Le double, emblème du fantastique
Le fantastique, démarche poétique qui fait confiance à l’imaginaire pour interroger une réalité qui se creuse et laisse entrevoir d’autres réalités est une catégorie esthétique, dont le double constitue la figure la plus représentative au point de le définir. Le texte fantastique déstabilise le lecteur en surimposant, le monde du même, celui du quotidien, et des cadres de référence qui déstabilisent tous ces principes, le monde de l’autre.

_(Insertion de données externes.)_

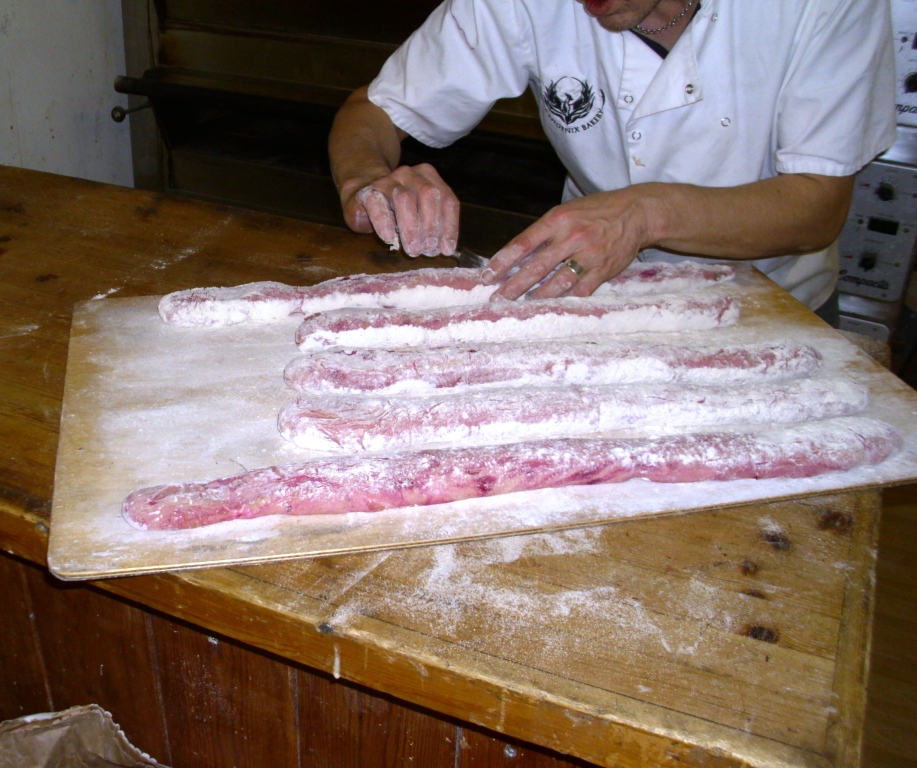 Earlier, Aidan had shown us how to prove baguettes on a floured cloth “couche”.

En effet, quelle figure peut représenter davantage cette subversion du réel que le double qui représente l’aporie du deux en un ? Le moi en proie au double ne peut « se voir » sans être accompagné par l’autre.
Portant sur des œuvres d’écrivains hantés par le double, cet essai montre comment, au cours du temps, le fantastique change de visage dans l’Allemagne post-romantique, l’Angleterre victorienne et l’Argentine cosmopolite du XXe siècle.
Ainsi, E. T. A. Hoffmann fait s’interpénétrer monde extérieur et intérieur entraînant le lecteur dans un malstrom de doubles, rien n’étant tout à fait identique à soi-même dans son roman Les élixirs du diable. Chez Henry James, il s’agit d’avoir accès par le double à une partie cachée de la personnalité, (« Le coin plaisant »). Chez Jorge Luis Borges, créateur de mythologies à partir de mythes anciens ou de mythes personnels (« Le sud »), le double tient de la mystification érudite, il se cache derrière un personnage. Ces auteurs, qui empruntent de nouvelles voies, utilisent le fantastique pour en faire une des plus hautes manifestations de la littérature.